And my own feeling is that the word rationality is a placeholder, right? For
something that we want to have a better grip on. And it's a placeholder for
something like whatever it is, that in virtue of which a process of
theoretical reasoning in this case, I'm direct question like, is going well,
right?
Robin:
I mean it's more than that, right? Basically, you know, as an economist or
social scientist, I would say, the world is divided up into places that are
seen as more or less rational. And that rational places are higher status and
referred to in a great many ways. And in society, we often– when there's a
dispute elsewhere, we point to the rational part, and we say, “Well, those
people agree with me, and that carries a lot of weight.” And so, there's this
description of parts of the world that are more rational, that should be
believed more. And then there are people there who fight over controlling
that, and fight over sort of the different parts of that, and which ones will
dominate it, which ones will be stronger.

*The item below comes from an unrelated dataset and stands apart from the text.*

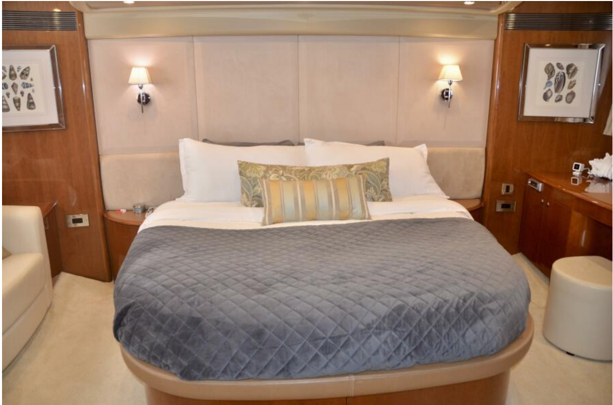
Princess 67 Flybridge Hoker-Master Stateroom 2006 67 Princess Flybridge Hoker

And therefore, and within that they
fight over who should win and lose for his jobs in publication contests. And
part of how they fight is with method like saying my method is better than
yours, and your methods shouldn't be used so much.
And so, we've got all these rich, you know, conflicts of people doing things
different way talking about different things all trying to sort of, you know,
gain the upper hand in terms of percent of authority, and who will be deferred
to when there's disagreements, and rationality is kind of one of our main
words to talk about, in essence, who does win, or who should win that contest?

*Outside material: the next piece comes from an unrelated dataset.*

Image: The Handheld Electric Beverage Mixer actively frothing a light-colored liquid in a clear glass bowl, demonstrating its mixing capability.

And that's what makes it awkward to define, because, you know, that's a big
complicated process, right?
Agnes:
I mean, so one thing is I would distinguish rationality from knowledge
ability, right? So, you can be quite rational, but no, I think relatively few
things. You would have to manage that relatively small amount of information
well, in order to count as rational. I think, in a way, it's easier to be
rational, but less you know…
Robin:
For sure. But as a practical matter, when we're having a dispute, we say,
“Well, that person is rational.” So, they don't know much about dispute now,
but if we invite them in and we show them our disputes, then it would be
capable of assimilating the key elements of our dispute, and then they would
make a judgment and we would defer to that judgment because they were more
rational.
Agnes:
Right. So, they would be– they're good at processing the information. They
don't need to have it already. Right. But I do think that we speak of the
virtue of being knowledgeable already as being an intellectual virtue.
Robin:
Sure.
Agnes:
That some people have and sometimes we're willing to defer to people because
they're knowledgeable, not because they're rational. We wouldn't want them to
be irrational, but they don't need to be the most rational.
Robin:
Right. But fundamentally, we say we defer to you, and then they would say,
“Oh, well, if you’re thinking we want the people to know more about that, and
that's these people in the way I say, OK, fine, we'll go to those people. But
sort of the rationality would be the people we trust to decide who we should
go to the list– to know about the thing. And that's going to sort of be more
primary than the knowledge because we don't know who knows, and we're not sure
if people who knows know how to use what they know. And so, we need a rational
person to sort of make those judgments.
Agnes:
I don't know that the rational person is the best at knowing who knows. I
mean, it may be that the best known who knows is like the connected person.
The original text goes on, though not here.